(Information shown begins)
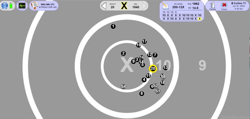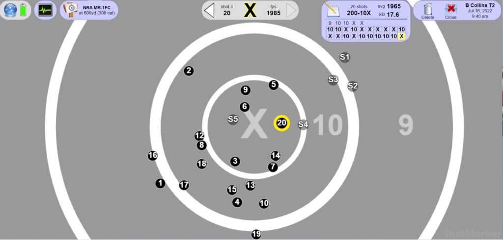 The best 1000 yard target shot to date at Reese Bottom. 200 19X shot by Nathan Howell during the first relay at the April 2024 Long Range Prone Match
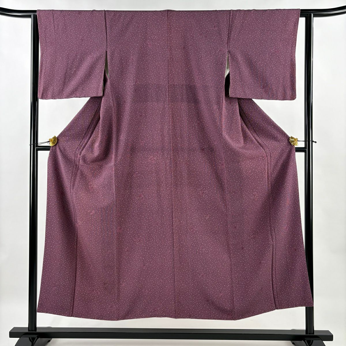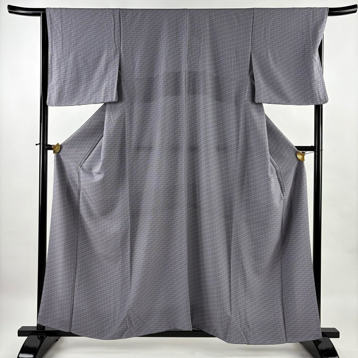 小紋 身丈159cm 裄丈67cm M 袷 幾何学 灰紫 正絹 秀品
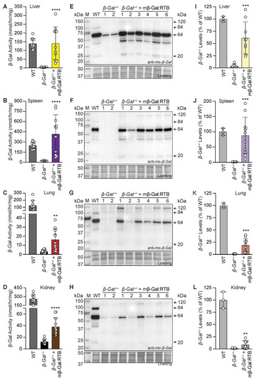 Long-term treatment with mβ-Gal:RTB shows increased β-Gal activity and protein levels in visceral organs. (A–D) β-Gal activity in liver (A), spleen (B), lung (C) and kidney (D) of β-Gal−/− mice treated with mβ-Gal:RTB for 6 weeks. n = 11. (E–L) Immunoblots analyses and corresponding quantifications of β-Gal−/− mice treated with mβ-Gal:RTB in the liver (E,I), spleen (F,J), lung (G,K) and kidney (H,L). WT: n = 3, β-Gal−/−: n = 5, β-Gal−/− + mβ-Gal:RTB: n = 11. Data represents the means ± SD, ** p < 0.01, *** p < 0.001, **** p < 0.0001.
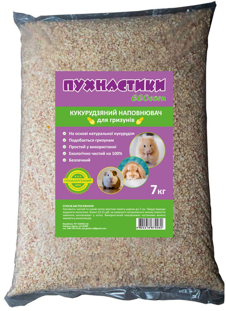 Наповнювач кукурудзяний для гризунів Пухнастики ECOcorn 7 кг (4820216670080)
(Information shown ends)
(Information shown begins)
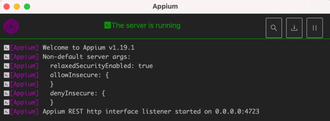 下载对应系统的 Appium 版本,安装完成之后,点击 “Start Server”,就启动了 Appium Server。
(Information shown ends)
Assignment
Return exactly the lines of the material above, starting at the line containing "Long-term treatment with" and finishing at the line containing "Наповнювач кукурудзяний для", without any pictures.

Response to the exercise
 Long-term treatment with mβ-Gal:RTB shows increased β-Gal activity and protein levels in visceral organs. (A–D) β-Gal activity in liver (A), spleen (B), lung (C) and kidney (D) of β-Gal−/− mice treated with mβ-Gal:RTB for 6 weeks. n = 11. (E–L) Immunoblots analyses and corresponding quantifications of β-Gal−/− mice treated with mβ-Gal:RTB in the liver (E,I), spleen (F,J), lung (G,K) and kidney (H,L). WT: n = 3, β-Gal−/−: n = 5, β-Gal−/− + mβ-Gal:RTB: n = 11. Data represents the means ± SD, ** p < 0.01, *** p < 0.001, **** p < 0.0001.
 Наповнювач кукурудзяний для гризунів Пухнастики ECOcorn 7 кг (4820216670080)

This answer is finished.